WPS stands for Wi-Fi Protected Setup. The WPS protocol is a popular network security standard used to create a secure wireless home network. The WPS button simplifies the process of connecting to a network without the hustle of typing complicated passwords (WPA/WPA2 encryption key). You can use the WPS button to connect a laptop, wireless printer, smartphone, wireless extender, e.t.c to your network. Once a connection has been made, WPS will turn itself off.
Related post: The updated guide to WiFi wireless network connectivity
How to use the WPS button/Wi-Fi Protected Setup
There are several ways to use Wi-FI Protected Setup. These include the Push button method, the PIN method and also via NFC (Near-Field Communication). In the PIN method, a user has to enter the PIN displayed on the router. This could either be a sticker on the router or generated on the router display. As for using NFC, the client has to be within reach to effect a near field communication between the two devices in question. Being the more popular method with MiFis or WiFi routers, we have detailed the Push button method below.
- Firstly, make sure you are within range on your WiFi router/Mifi and you know the network name (or also known as SSID).
- Secondly, locate the WPS button on your router. Usually, that will be at the back or side of your device. Be on the lookout for either the [WPS] initials or a symbol (similar to the recycle symbol).
- Push the WPS button on your Wi-Fi router/ MiFi. Locate the network name on your laptop or smartphone and click to connect. Voila! You will not be asked for a password when you use the WPS button.
Is Wi-Fi Protected Setup secure?
In all honesty, WPS isn’t up to scratch when it comes to security concerns. WPS is fair game to both online and offline attacks via brute force methods. For further reading, please check out Brute-forcing Wi-Fi Protected Setup [PDF].

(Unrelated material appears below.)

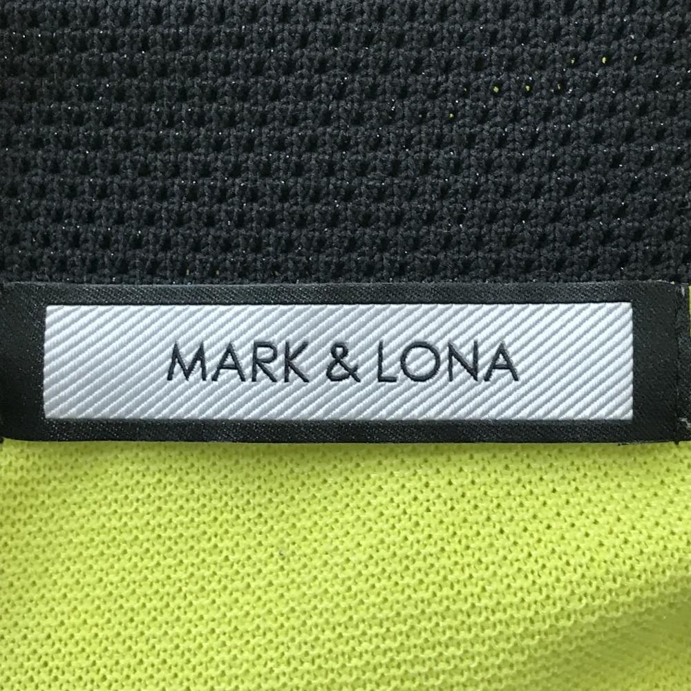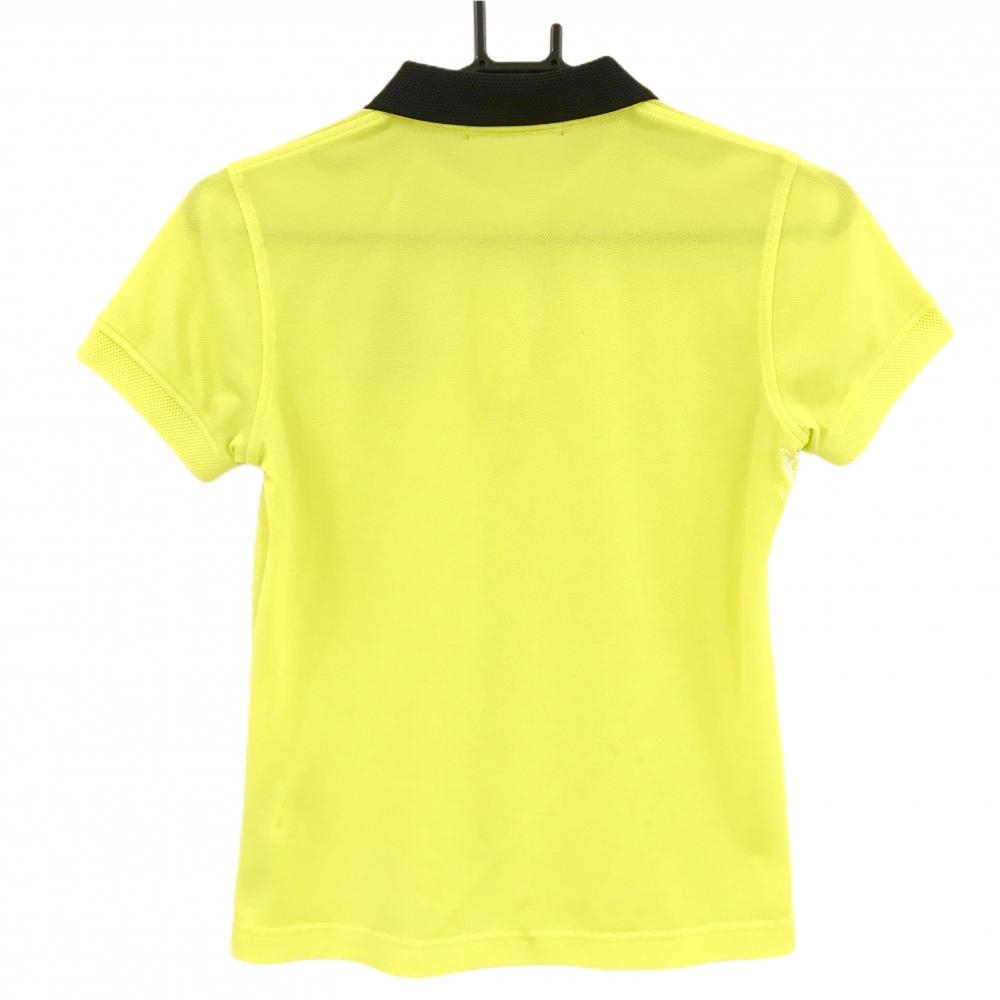 【美品】マークアンドロナ 半袖ポロシャツ イエロー×黒 襟・袖口メッシュ&ラメ ダメージ加工 レディース 36(S) ゴルフウェア MARK&LONA

Let’s for a moment forget the geeky brute force attacks. What is to stop anybody from helping themselves to your network (and internet) by pushing the WPS button to get connected? Similarly, once pushed, anybody can connect to your network before the WPS protocol expires. Those are gaping security loopholes or vulnerabilities.
The nail in the coffin is that once connected via WPS, you can simply lookup the network password in Wireless Properties in Network and Sharing Center. And all it takes is a few clicks. For all it’s convenience, those are some gaping security holes, if you ask me.
The most insecure of these methods is the PIN-based authentication method. You should prefer the Button-push method if you are to use WPS instead of PIN-based version.
How to Disable Wi-Fi Protected Setup
For the reasons above, security analysts suggest you disable WPS if at all you are very concerned about wireless security. This is not an option for sensitive networks such as Banking halls. Much as it’s often enabled by default, it doesn’t take much to undo this. As there are countless Wi-Fi router/MiFi brands, we can’t possibly write a step by step guide. However, the first thing to do is to access the router control panel. To do this, open your browser and enter the appropriate IP address.
The first thing to do is to access the router control panel. To do this, open your browser and enter the appropriate IP address. Usually, the IP address is written on the router or the box it comes in. The IP could be 192.168.1.1, 192.168.8.1. 192.168.0.1, or 10.0.0.1, e.t.c.
Once you’re in, go through the settings until you find the WPS configuration. Please do the needful, if you so wish.